Kranepool had his best season in 1971, batting .280 with 14 home runs and 58 RBIs. He helped the Mets reach their second World Series in 1973. He shared first base with John Milner and played some outfield time, but only batted .239. He did start Game 5 of the NLCS against the Reds in place of an injured Rusty Staub, however, and singled in the first inning to score two runs. He appeared in just three at-bats in the rest of the World Series.
After that season, Kranepool was used primarily as a pinch hitter. From 1974 to 1978, he was one of the best players in baseball, batting .396 as a pinch hitter and twice hitting over .300 as a part-time player. The Mets released him after the 1979 season.
“He was the best first baseman I ever played with,” former Mets pitcher Jerry Koosman said. “We knew each other really well, and I could look him in the eye and tell if a runner was on base. He stopped a lot of steals.”
Kranepool batted .261 with 118 home runs and 614 RBIs in 18 seasons. He still holds the Mets record for games played in all seasons (1,853).
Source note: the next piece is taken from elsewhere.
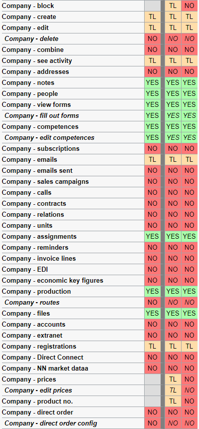 - Company - week list: Allows you to specify who has access to the "Week List" tab on companies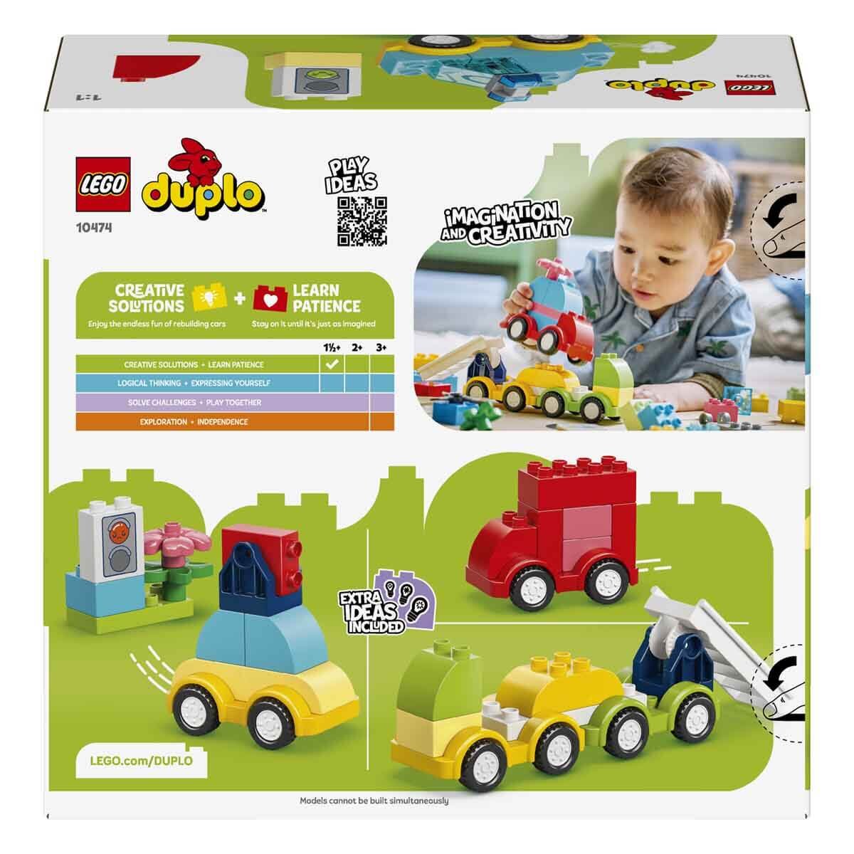Oyuncak araçları tekrar tekrar inşa edin! Küçük çocuklar için LEGO DUPLO İlk Yaratıcı Araçlar (10474) eğitici oyuncağı, çok sayıda araç ve eğlenceli trafik hikayeleri oluşturmak için 42 parça ve 3 dingil içerir.

He was inducted into the team's Hall of Fame in 1990.
Kranepool, who earned his stockbroker's license on his 21st birthday and was one of the founding members of the MLB Players Association, has worked for various companies in the New York area since retiring and has also become an advocate for organ donation.
“You get a call and they save your life,” Kranepool said a few days after the surgery at Stony Brook Hospital on Long Island. “It was like magic.”
Kranepool is survived by his wife, Monica, who survived cancer.
Kranepool, who frequented Shea Stadium and Citi Field after his retirement, said he enjoyed being around the ballparks because it brought back a lot of fond memories.
“My life flashes before my eyes,” he said. “I remember the good old days and what I had.”